START Given entries

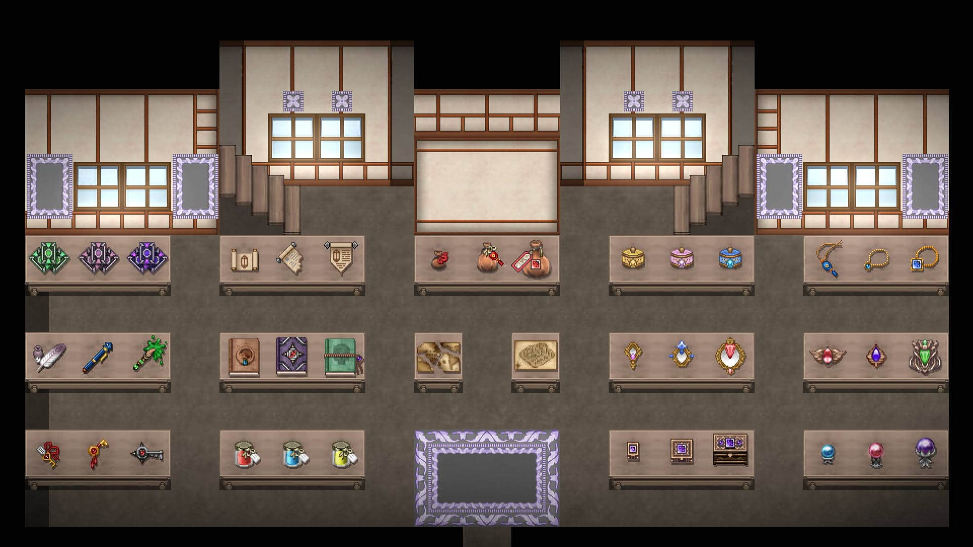 ファンタジー系マーケットの魔法道具ショップ制作用タイルセットを収録しています♪
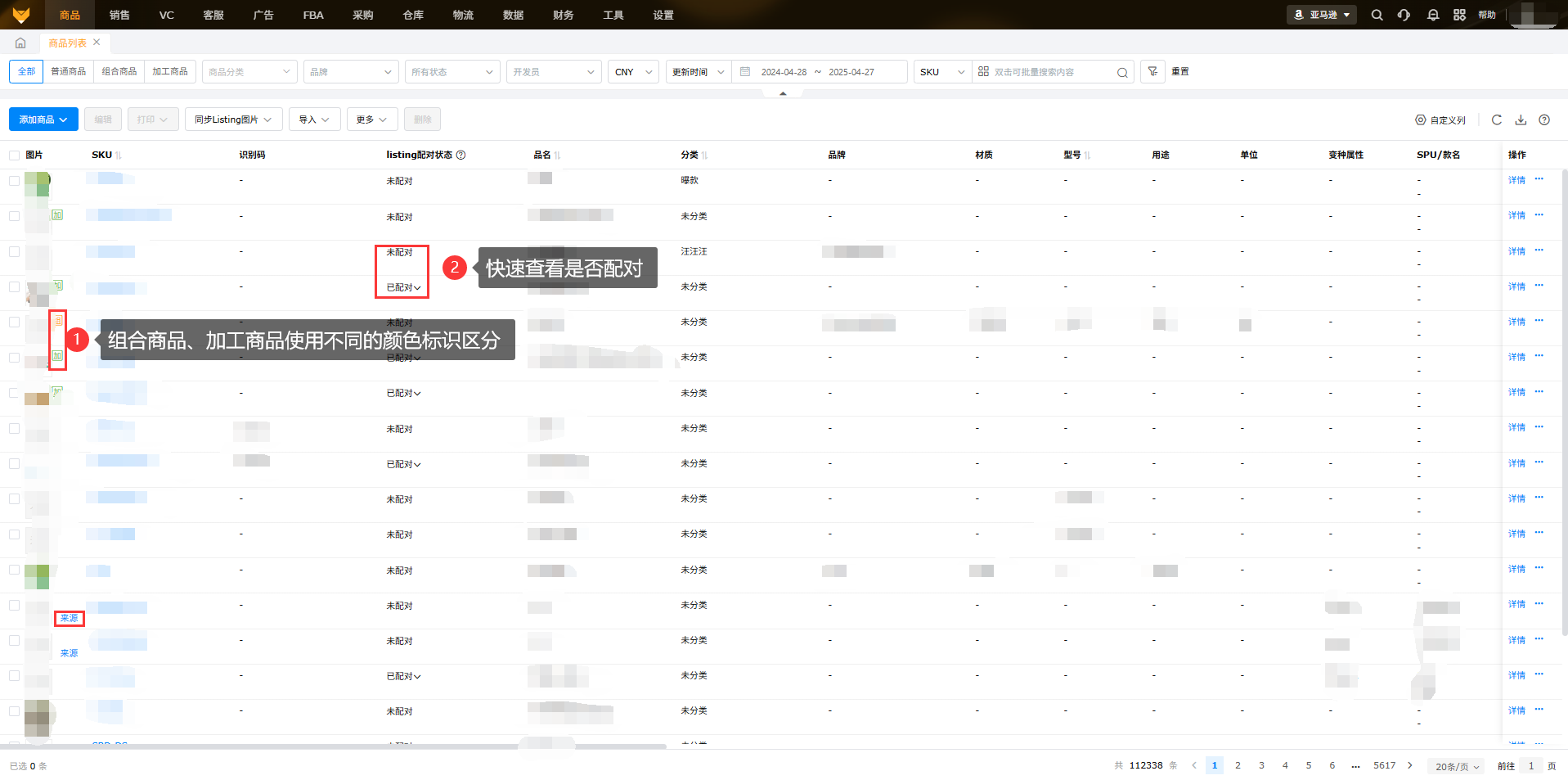 (2)组合商品、加工商品使用不同颜色的标识区分,可以快速查看Listing配对状态。
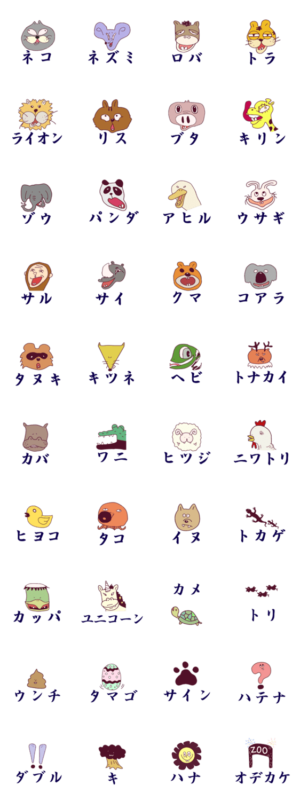 この森では お世辞にも可愛いとは言えないけど どこか憎めない絶妙にキモい動物たちが住んでいます。 そんな動物たちの無意味なスタンプ! 同シリーズ絵文字販売中。chiko より発売
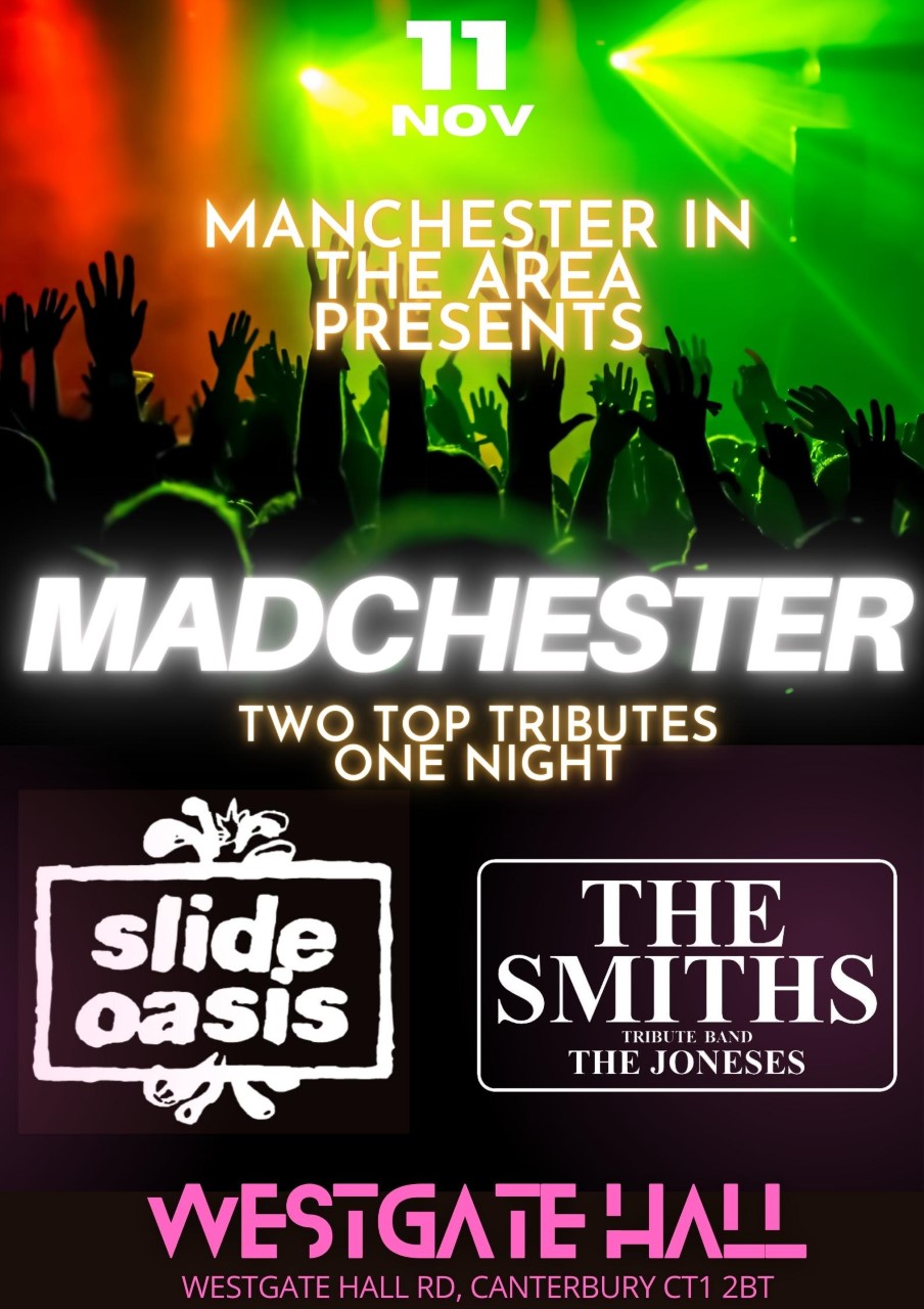 Join a sea of Mancunian joy and reverence, with the enthusiasm and passion of fellow cult band fans. Manchester in the Area presents premier tribute acts of Oasis and The Smiths: Slide Oasis and The Joneses. Bringing the visceral live performances of Manchester’s legends to the Westgate Hall Canterbury. This event will bring back cherished memories or introduce you to some of the most influential and inspiring bands of the 80s and 90s in UK Music history, and will leave you inspired and exhausted from shear enjoyment.
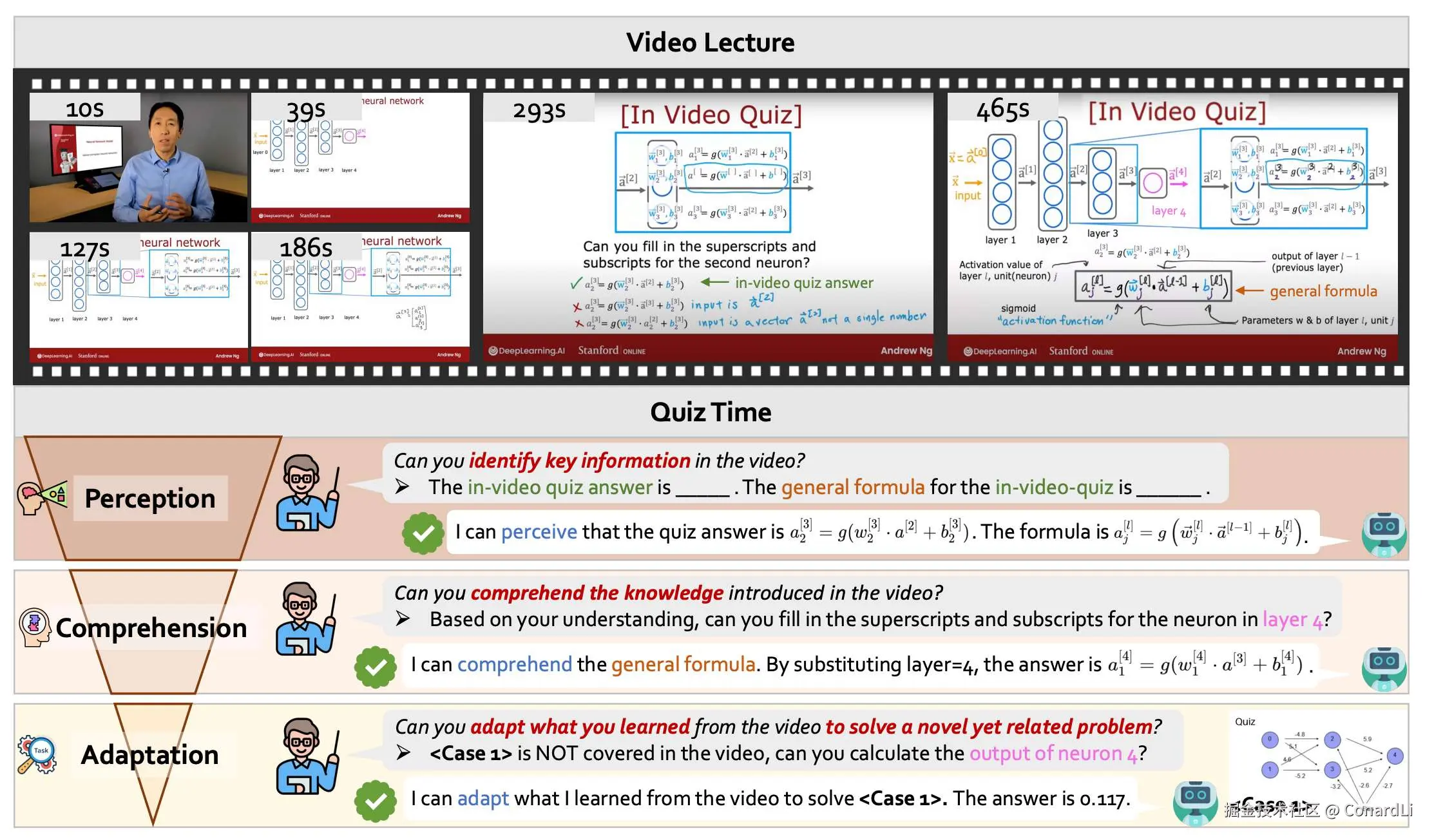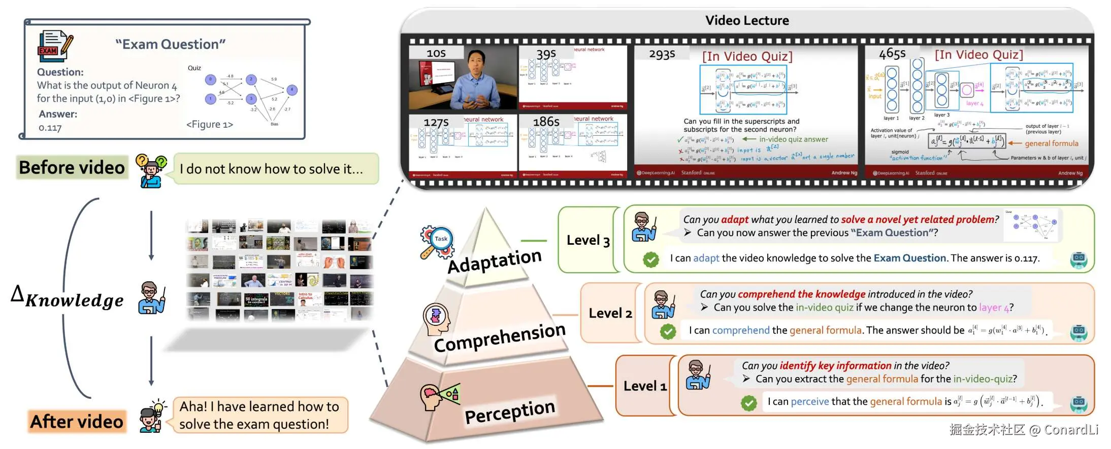 Video-MMMU 全称 Video-Massive Multi-discipline Multimodal Understanding,它是 MMMU 的 "动态版"。把考试从"看图片"升级成了"看视频"。
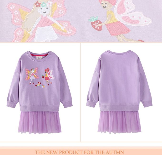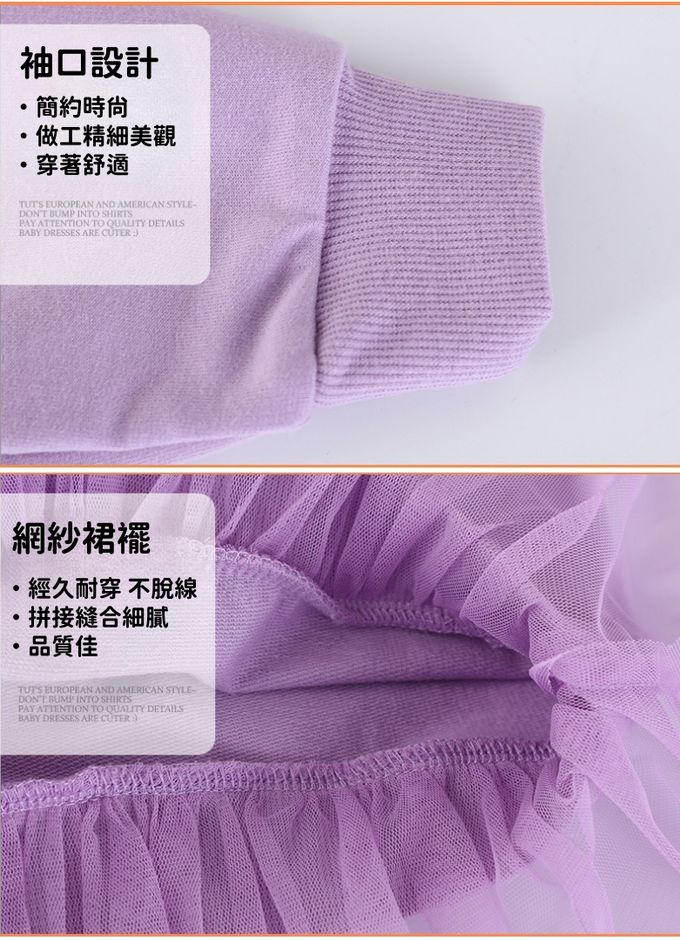 棉質圓領長袖連身網紗洋裝-蝴蝶仙子-紫色
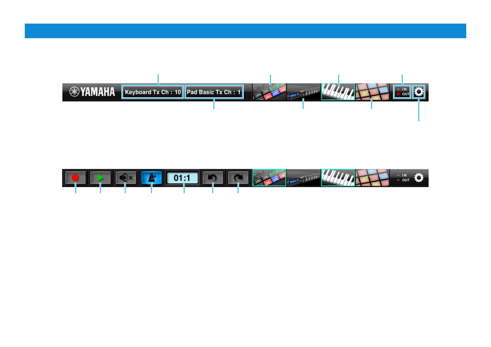 Records your performance in the Keyboard display and the Pad display, or plays back the recorded data.

END Given entries

◆ **What the exercise asks**:
The whole listing above must be returned exactly as written, with no pictures carried over.

◆ **Answer space**:
 ファンタジー系マーケットの魔法道具ショップ制作用タイルセットを収録しています♪
 (2)组合商品、加工商品使用不同颜色的标识区分,可以快速查看Listing配对状态。
 この森では お世辞にも可愛いとは言えないけど どこか憎めない絶妙にキモい動物たちが住んでいます。 そんな動物たちの無意味なスタンプ! 同シリーズ絵文字販売中。chiko より発売
 Join a sea of Mancunian joy and reverence, with the enthusiasm and passion of fellow cult band fans. Manchester in the Area presents premier tribute acts of Oasis and The Smiths: Slide Oasis and The Joneses. Bringing the visceral live performances of Manchester’s legends to the Westgate Hall Canterbury. This event will bring back cherished memories or introduce you to some of the most influential and inspiring bands of the 80s and 90s in UK Music history, and will leave you inspired and exhausted from shear enjoyment.
 Video-MMMU 全称 Video-Massive Multi-discipline Multimodal Understanding,它是 MMMU 的 "动态版"。把考试从"看图片"升级成了"看视频"。
 棉質圓領長袖連身網紗洋裝-蝴蝶仙子-紫色
 Records your performance in the Keyboard display and the Pad display, or plays back the recorded data.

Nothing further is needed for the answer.